> _WORK TO COMPLETE_: Pictures excluded, output exactly the lines from the one containing "精华仓库页售价2500点券,游戏里面想要" through the last line of the listing below.

> _RECORDED INFORMATION_:
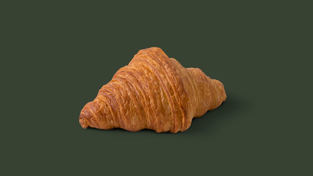 A Classic Butter Croissant With Flaky Top And Soft Layers Inside.
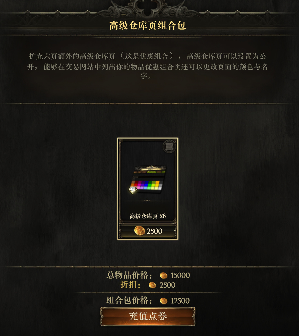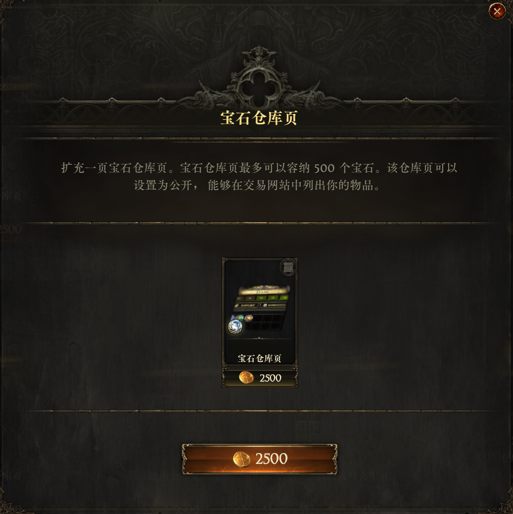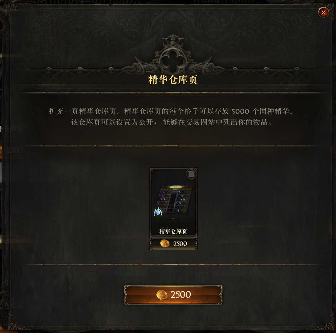 精华仓库页售价2500点券,游戏里面想要给装备打固定词缀就需要用到精华,流放之路二游戏词缀种类还是很多的,单买一个专门放精华的仓库页,能够减少整理和查找的时间,有条件还是可以安排一下。
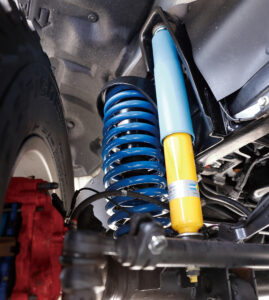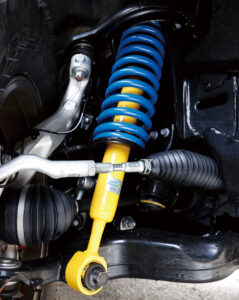ガソリン車専用のコイルスプリングで2インチリフトアップ。ノーマルよりも長いスペシャルビルシュタインを組み合わせる。ディーゼル車用のスプリンングも計画中だ。
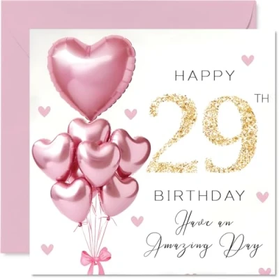 29th Birthday Cards for Women Pink Glitter Balloons Happy Card 29 Year Old Woman Sister Auntie Friend Colleague, 145mm Bday Greeting

> _RESPONSE TO THIS TASK_:
 精华仓库页售价2500点券,游戏里面想要给装备打固定词缀就需要用到精华,流放之路二游戏词缀种类还是很多的,单买一个专门放精华的仓库页,能够减少整理和查找的时间,有条件还是可以安排一下。
ガソリン車専用のコイルスプリングで2インチリフトアップ。ノーマルよりも長いスペシャルビルシュタインを組み合わせる。ディーゼル車用のスプリンングも計画中だ。
 29th Birthday Cards for Women Pink Glitter Balloons Happy Card 29 Year Old Woman Sister Auntie Friend Colleague, 145mm Bday Greeting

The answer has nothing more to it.